By observing that there is only one advantage from many disadvantages, the church is faced with many challenges of which some are:

  • to engage in learning the cultures and languages of the indigenous people in order to effectively minister to the majority of the people in the country.
  • to have evangelistic and church work in the rural areas intensified as a part of fulfilling the great commission, since there are no migrants coming to Zimbabwe these years
  • to avoid giving impression that the church is serving or representing one particular group or ethnic community :- GO YE THEREFORE AND TEACH ALL NATIONS... (Matt. 28:19)

RELATIONS WITH OTHER REFORMED CHURCHES

The other church in similar category as ours is the Dutch Reformed Church in Central Africa which is linked with the General Synod of Dutch Reformed Church in South Africa. Some of their members migrated to Zimbabwe many years ago and established themselves in this using the Afrikaans language and order of service as done in South Africa. The difference was that the Dutch Reformed Church members belong to the privileged class, while most of our members to the unprivileged group. In the Dutch Reformed Church many are farm owners, while many of our members are farm workers. The main factor which makes the relationship harmonious is the origin of both churches. Including the Reformed Church in Zimbabwe, there are the three that belong to the same Reformed family of origin. So joint meetings for the modermen of the three churches are held three times a year to discuss mutual issues.
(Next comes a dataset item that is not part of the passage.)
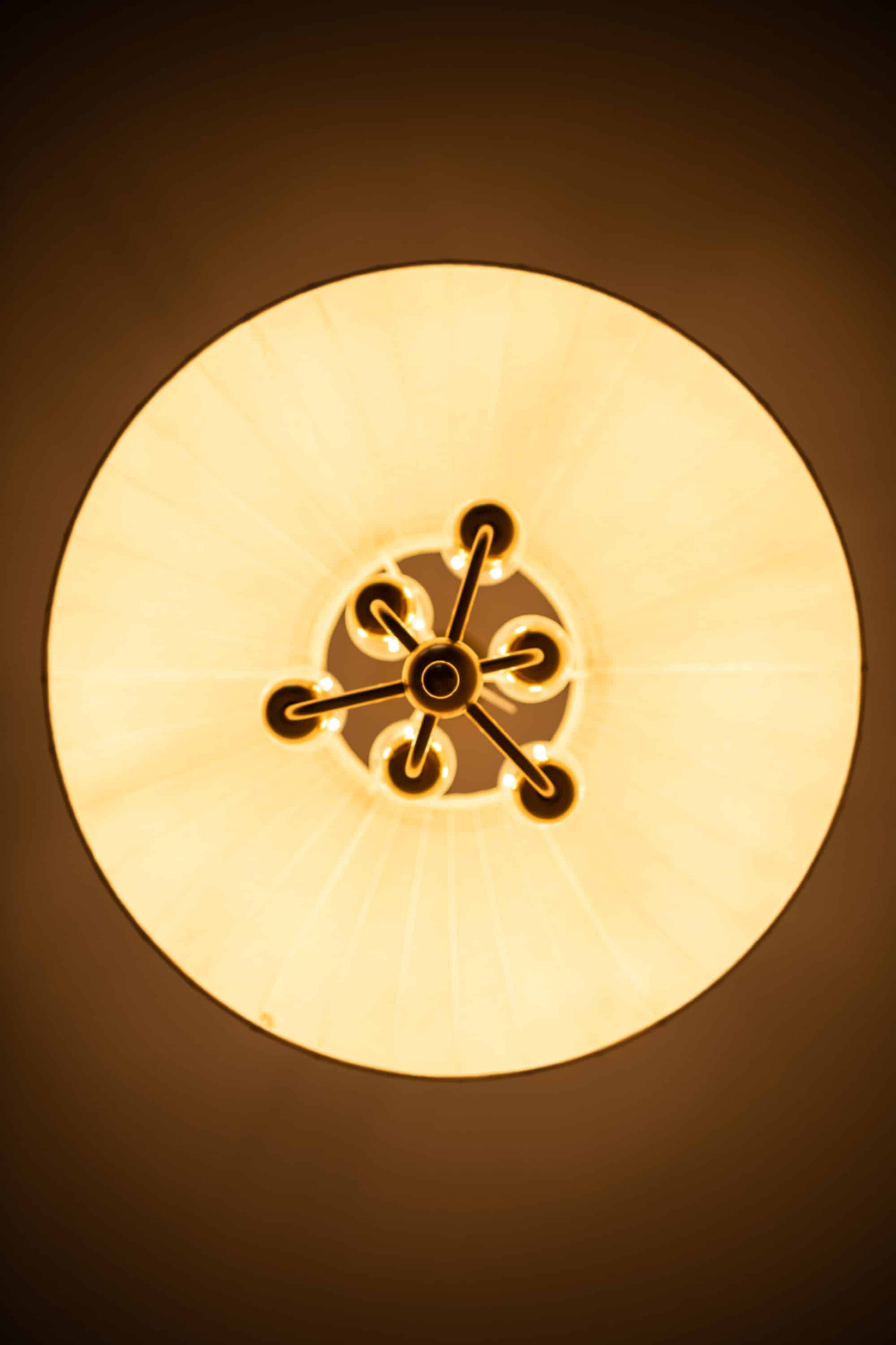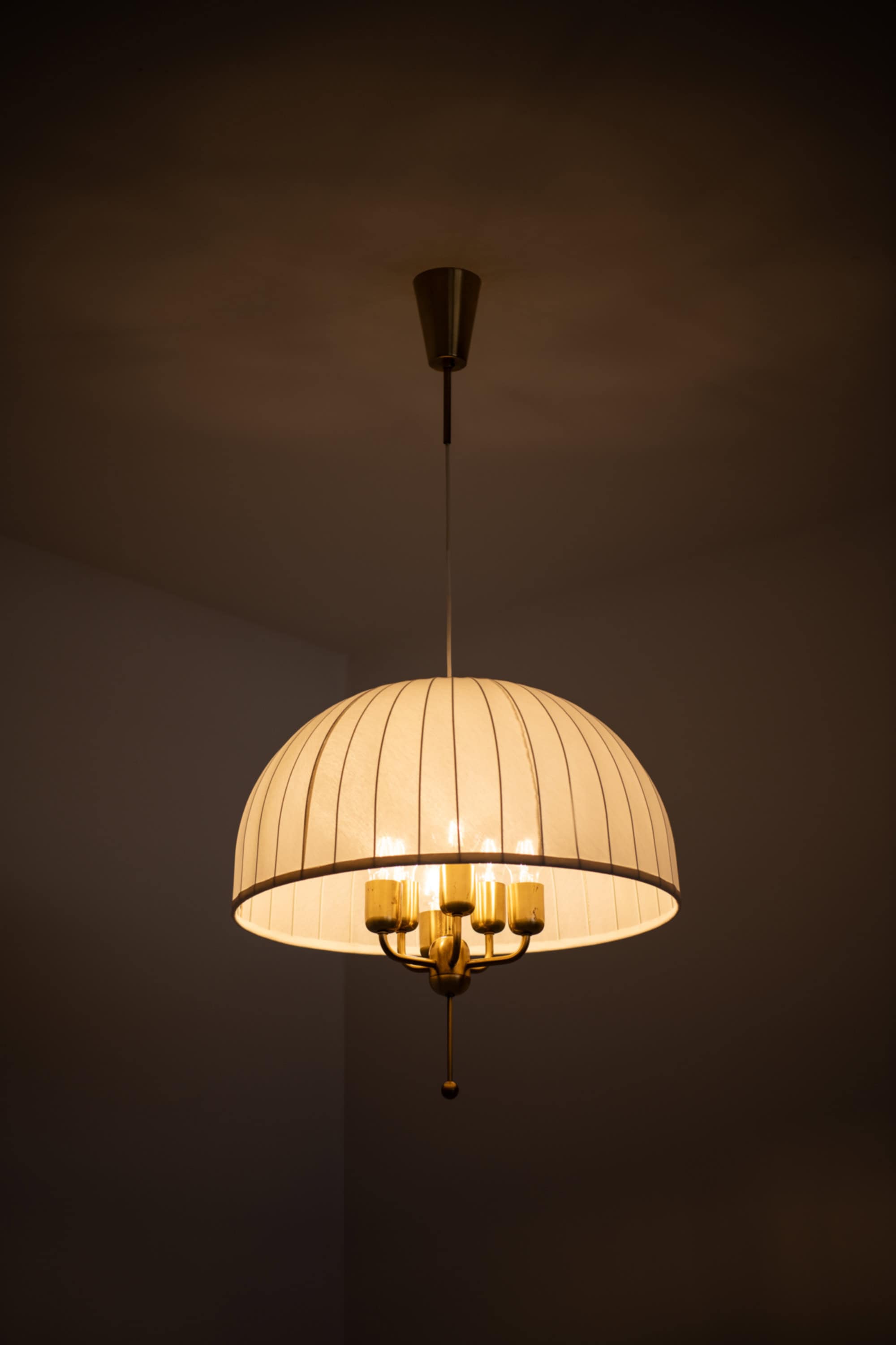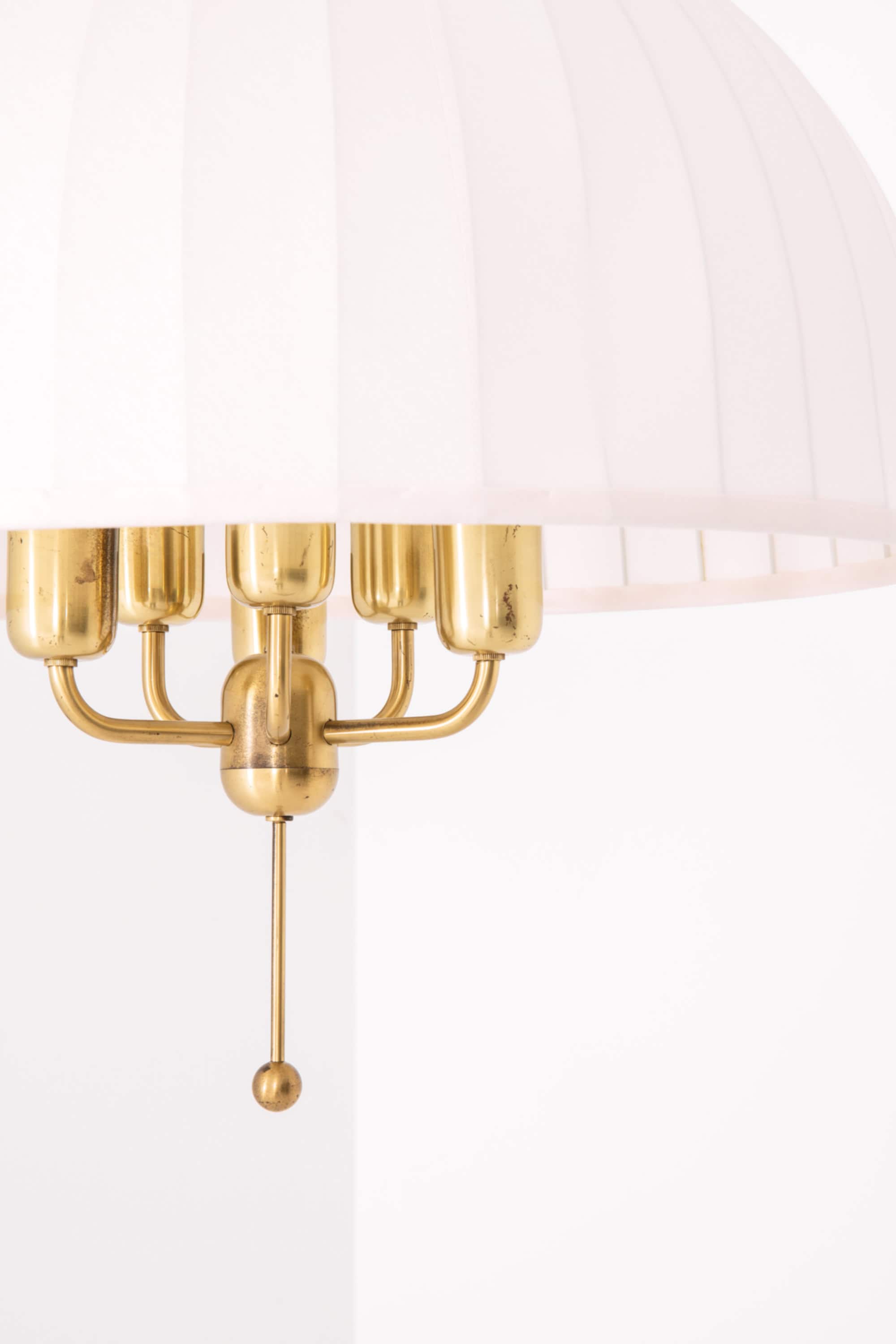 This elegant ceiling lamp, model T-549 “Carolin”, was designed by Hans-Agne Jakobsson and produced by Hans-Agne Jakobsson AB in Markaryd, Sweden during the 1950s. With its distinctive combination of a generous, softly domed shade and a refined brass chandelier structure, it captures the warm and atmospheric design language that defines Jakobsson’s lighting from the period.

The Reformed Church in Zimbabwe is the indigenous one while the other two belong to the same category. Hence some advantages and disadvantages for our church can also be the same ones experienced by the Dutch Reformed Church. As a matter of fact, the two churches, CCAP and DRC were the most affected after the LAND REFORM PROGRAM

LAND REFORM PROGRAM:

Zimbabwe's Land Reform Program, which started in the year 2000 has resulted in many of our church members and also DRC members leaving the farms. Automatically the church's work on the farms has ceased, resulting in a drastic drop in membership from the year 2000. Our church's survey shows that a quota of our membership has become displaced without any hope of returning to the home lands or getting any gratuity from the employers. The church buildings on the farms were taken over by the new occupants of the farms, and are now used for other purposes.

CONCLUSION

Despite some problems or hindrances affecting the CCAP, mentioned before, it is gratifying to note that:

  1. the preachers can use both the indigenous and the vernacular languages during the services.
  2. some church members who at first did not understand the vernacular language are able to do so now.
  3. some of the indigenous people are interested in joining the Church.

* Population now above 16 million from the 2004 censors.